By July 1st, Ohio law will require public school districts (charter and district) to establish a teacher evaluation policy. The evaluation policy must conform to a framework that depends half on student growth on test scores and half on classroom observations. Based on these measures, teachers will earn an overall rating: accomplished, proficient, developing, or ineffective.
In our recent survey of superintendents, Ohio’s teacher evaluation policy received mixed reviews. Nearly three out of four (73 percent) said that teacher evaluations would become accepted practice five years hence. And, 42 percent said that teacher evaluations would lead to “fundamental improvement” in the state’s K-12 school system. So, there’s modest optimism toward teacher evaluation.

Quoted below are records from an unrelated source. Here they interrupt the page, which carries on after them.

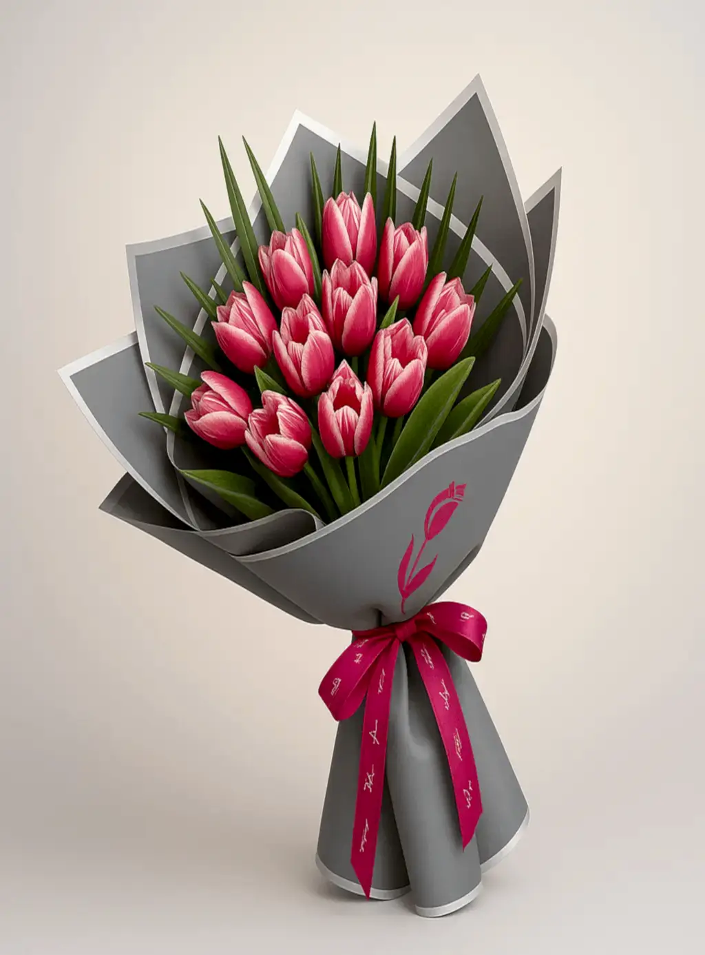 Doğallığın ve şıklığın simgesi olan pembe laleler, füme gri sargı ve fuşya kurdele ile zarif bir şekilde sunuluyor. Baharın habercisi olarak bilinen lale çiçekleri; saflığı, sevgiyi ve yeniden doğuşu simgeler.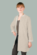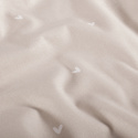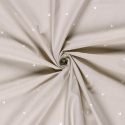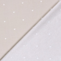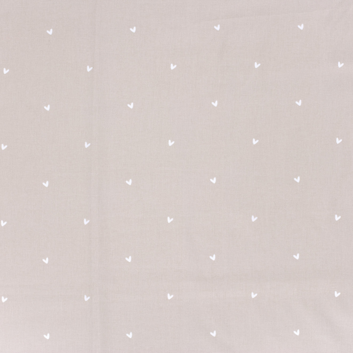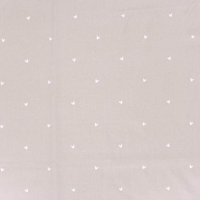 Denna mönstrade bomullspoplin i beige med små vita hjärtan har ett mjukt, lugnt och tidlöst uttryck. Tyget har slät yta och fin stadga, vilket gör det lätt att arbeta med och ger ett snyggt resultat i färdiga plagg.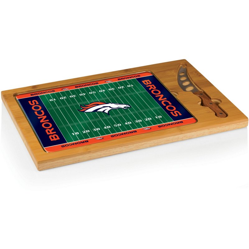 Proudly display your love of the Broncos when serving guests with this Picnic Time Denver Broncos Icon Glass-Top Cutting Board and Knife Set. The rubberwood and bamboo cutting board features a tempered-glass tray insert that can be used as either a serving tray or an additional cutting board. You can easily serve guests with the included stainless-steel cheese knife, which fits snugly into the carved-out section of the wood base. Picnic Time Denver Broncos Icon Glass-Top Cutting Board and Knife Set Beige - Pro Licensed Novelty at Academy Sports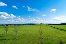 Der Kramerhof umgeben von Wiesen ist eine Ruhe-Oase zwischen München und den Alpen.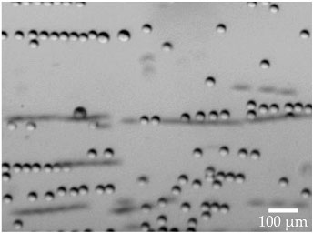 Many everyday materials, such as shampoo, ink, and coffee, are complicated mixtures of fluids and suspended particles with complex and often surprising internal interactions (see the articles by Alice Gast and William Russel, Physics Today, December 1998, page 24, and by Amy Shen and Perry Cheung, September 2010, page 30, and the Quick Study by Peter Yunker, Doug Durian, and Arjun Yodh, August 2013, page 60). For example, under shear flow (like the flow field you generate when you stir your coffee), the particles can attract each other and align in chains, as seen in this microscope image of 40-µm-diameter polystyrene beads in a solution of polyisobutylene and heptane. First reported nearly four decades ago, the chain behavior has been extensively explored, but a conclusive explanation for it has been elusive. Experiments by Jan Vermant and colleagues at the University of Leuven, Belgium, and ETH Zürich offer new insights into the underlying causes. The team prepared various fluids with polystyrene beads and sheared them between counterrotating top and bottom plates or between counterrotating, concentric cylinders and imaged the particles’ motion. The researchers found that although anisotropic normal-stress differences and confinement can each promote string formation, neither is essential. But shear thinning—the decreasing of viscosity at higher shear rates—is. Shear flow naturally causes suspended particles to spin. In “normal,” Newtonian fluids, particles that get sufficiently close will tumble together and eventually separate. In shear-thinning fluids, however, the viscosity decreases in the thin gaps between adjacent particles, enabling the particles to spin separately yet stay in line. (S. Van Loon et al., J. Rheol.58, 237, 2014, doi:10.1122/1.4853455.)

But there’s undeniable angst about the policy details. Nearly all superintendents (93 percent) think that there will be lawsuits when personnel decisions are based on Ohio’s evaluation framework. And nearly all (86 percent) think that the classroom observation mandate will “put too much pressure on principals.” One superintendent said
“It will over-tax the principals and render them useless. They will need to spend so much time on evaluations, they will not have time for anything else.”
When one looks at the Ohio Department of Education’s website, one can see from whence this sentiment emerges. For example, the “teacher evaluation resource packet,” which operationalizes the classroom observation portion of the policy, clocks in at 22 pages. By simple extrapolation, this suggests a small mountain of paperwork for a principal who supervises 20 teachers.